- Born: 2 March 1927 Springsure, Queensland, Australia
- Died: 3 February 2010 (aged 82) Brisbane, Queensland, Australia
- Cause of death: Homicide (bashing)
- Spouse: Gordon Temperley (1949-2004; his death)
- Children: 5

= Murder of Iris Temperley =

2010 murder in Rockhampton, Australia

Iris Daphne Temperley (née Donovan; 2 March 1927 – 3 February 2010) was an Australian woman who was murdered in Rockhampton, Queensland, Australia.

18-year-old David Samuel Aubrey Ray randomly attacked and raped 82-year-old Temperley in the backyard of her home in George Street in the suburb of Rockhampton City on the morning of 26 January 2010. He inflicted extensive injuries to Temperley in the particularly violent attack, which caused considerable anger within the Rockhampton community.

Temperley died from her injuries at the Royal Brisbane and Women's Hospital on 3 February 2010 without having regained consciousness.

==Background==
Temperley was born Iris Daphne Donovan at Springsure, Queensland on 2 March 1927. She married Gordon Temperley on 1 December 1949 at St Paul's Cathedral in Rockhampton, and together they had five children.

After spending some time managing a cattle property north of Duaringa, the Temperley's moved to Rockhampton in 1959 and purchased a house in George Street where the family settled.

At the time of her death, Temperley had 11 grandchildren and nine great-grandchildren.

==Murder==
Temperley was raking leaves in the backyard of her George Street home when she was set upon by Ray who used a fire extinguisher in the attack, causing Temperley to sustain extensive injuries including skull swelling, broken nose, fractured ribs, fractured sternum, collapsed lung, and tearing to her genitals, causing profuse bleeding.

Ray attacked Temperley after having stolen alcohol from the Leichhardt Hotel in Bolsover Street, and before committing a burglary at a neighbouring house.

Temperley was admitted to the intensive care unit at Rockhampton Hospital in a critical condition before being flown to Brisbane, where she died from her injuries on 3 February 2010.

After Temperley's death, a public memorial was held at St Paul's Cathedral, which was attended by more than 100 people.

Member for Rockhampton Robert Schwarten said that Temperley's death had affected the Rockhampton community, stating: "Disbelief, revulsion, anger and fear has riled through this community."

==Arrest==
On 27 January 2010, Ray attended the Rockhampton Police Station with a relative where he admitted to assaulting an elderly lady but claimed to be having difficulty remembering specific details.

He was arrested and ultimately charged with murder and rape as well as stealing and property offences.

After a mention in the Rockhampton Magistrates Court in September 2010, a committal hearing was scheduled for November 2010. Following the three-day committal hearing, magistrate Annette Hennessy ordered Ray to stand trial for the rape and murder of Iris Temperley.

==Trial==
Ray's trial in the Rockhampton Supreme Court was held in September 2011 where he pleaded guilty to one count of murder and two counts of rape for which he received life sentences. An additional 15 years was added to his prison term for the burglary at Temperley's home as well as numerous other offences.

A psychiatrist's report was tendered to the court but Justice Duncan McMeekin said despite the report indicating that Ray had felt genuine remorse while also detailing his long-standing substance abuse problem, there was no psychiatric excuse for what Ray had done.

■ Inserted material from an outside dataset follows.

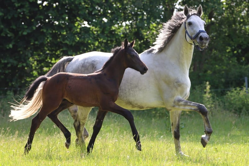 Großrahmiges, typvolles, ausdruckstarkes holsteiner Hengstfohlen von Charaktervoll aus Mara - Catch - Colmann, Stamm 18A2, geboren 05/2025, wird Schimmel, aus Familienzucht. Er ist aufgeweckt, bewegungsfreudig, bewegungsstark, menschenbezogen und genießt seine Streicheleinheiten

McMeekin described the facts of the case as "appalling" given that Temperley was "a frail elderly lady of 82 years" and told Ray: "You murdered her by causing injuries which caused her death some days later... The doctors were unable to stop the bleeding. Fortunately, she did not regain consciousness after your attack."

===Appeal===
Ray argued that some of the sentences were manifestly excessive and successfully appealed to have his sentence reduced. In a judgement, the Queensland Court of Appeal reduced Ray's sentence for Temperley's rape to 14 years and his sentence for burglary to three years.

Despite this, the sentences were still to be served concurrently with his life sentence for Temperley's murder.

==Legacy==
In 2020, Temperley's name was added to an online memorial called The Red Heart Campaign, designed by journalist Sherele Moody to honour women and children who had died as a result of acts of violence.

As of April 2023, Ray was still incarcerated at the Capricornia Correctional Centre.

Temperley's nephew, Vern Donovan, who served as Fitzroy Shire Council's chief executive officer from 1965 to 2000, briefly wrote about Temperley's death in his autobiography You're Sincerely: My life's experiences and lessons learned, thus far.

Donovan said his elderly mother Merle Donovan was close to her sister-in-law and would speak regularly to Temperley on the phone. He said that Temperley's "sudden and cruel murder" had caused his mother who was residing in a Yeppoon retirement village to go into a "severe state of shock", and arrangements had to be made to have her transferred into a more calming area of the facility.